The methods devices disclosed herein or the devices made by the methods disclosed herein may generally be useful in performing any process that involves mixing, separation, extraction, crystallization, precipitation, or otherwise processing fluids or mixtures of fluids, including multiphase mixtures of fluids—and including fluids or mixtures of fluids including multiphase mixtures of fluids that also contain solids—within a microstructure. The processing may include a physical process, a chemical reaction defined as a process that results in the interconversion of organic, inorganic, or both organic and inorganic species, a biochemical process, or any other form of processing. The following non-limiting list of reactions may be performed with the disclosed methods and/or devices: oxidation; reduction; substitution; elimination; addition; ligand exchange; metal exchange; and ion exchange.

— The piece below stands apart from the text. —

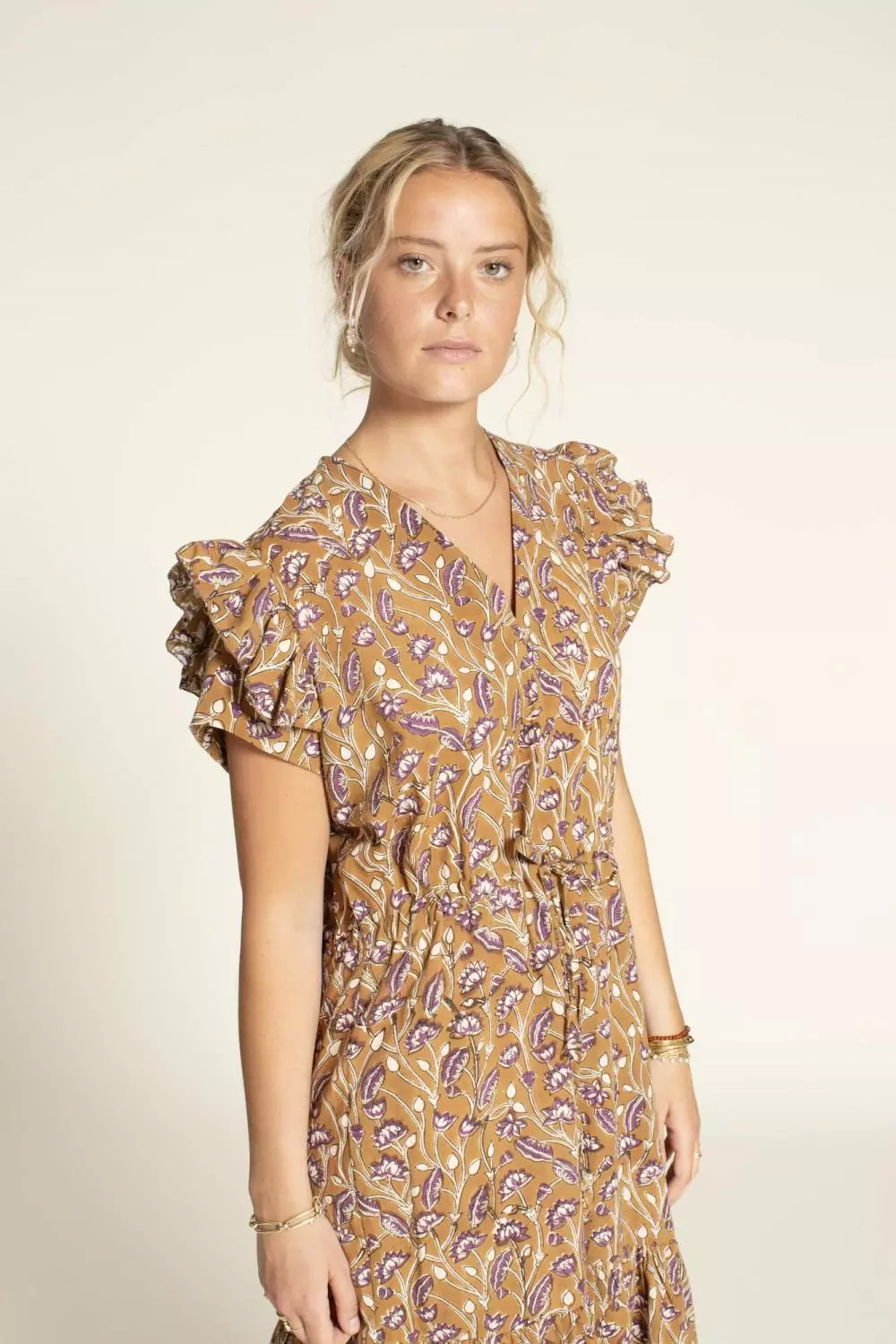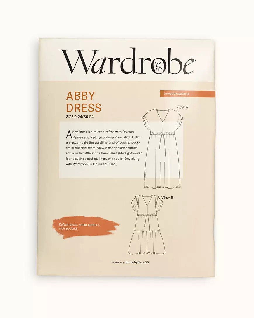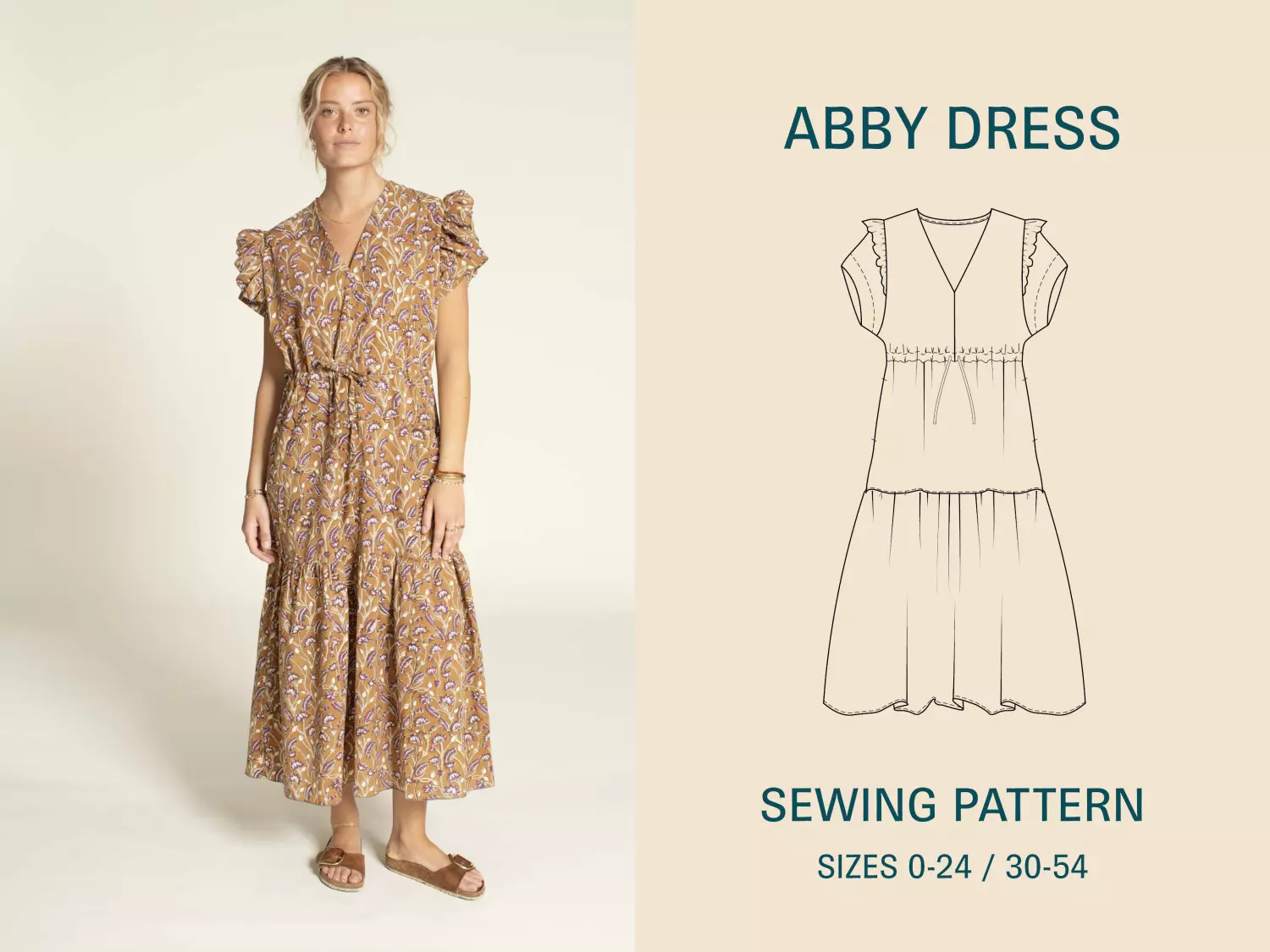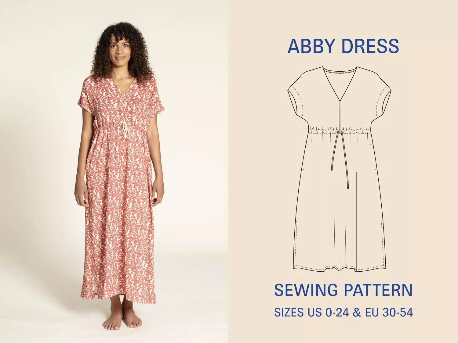 Abby Dress er en avslappet og elegant kaftan-kjole med V-hals og dolman-ermer. Mønsteret har en løpegang i midjen som kan strammes med bånd eller elastikk for en justerbar passform. Praktiske sidelommer og splitt gir både funksjon og stil. Variant B har volanger ved skruldrene og en bred kappe nederst.

More specifically, reactions of any of the following non-limiting list may be performed with the disclosed methods and/or devices: polymerisation; alkylation; dealkylation; nitration; peroxidation; sulfoxidation; epoxidation; ammoxidation; hydrogenation; dehydrogenation; organometallic reactions; precious metal chemistry/homogeneous catalyst reactions; carbonylation; thiocarbonylation; alkoxylation; halogenation; dehydrohalogenation; dehalogenation; hydroformylation; carboxylation; decarboxylation; amination; arylation; peptide coupling; aldol condensation; cyclocondensation; dehydrocyclization; esterification; amidation; heterocyclic synthesis; dehydration; alcoholysis; hydrolysis; ammonolysis; etherification; enzymatic synthesis; ketalization; saponification; isomerisation; quaternization; formulation; phase transfer reactions; silylations; nitrile synthesis; phosphorylation; ozonolysis; azide chemistry; metathesis; hydrosilylation; coupling reactions; and enzymatic reactions.
Having described the invention in detail and by reference to specific embodiments thereof, it will be apparent that modifications and variations are possible without departing from the scope of the invention defined in the appended claims. More specifically, although some aspects of the present invention are identified herein as preferred or particularly advantageous, it is contemplated that the present invention is not necessarily limited to these preferred aspects of the invention.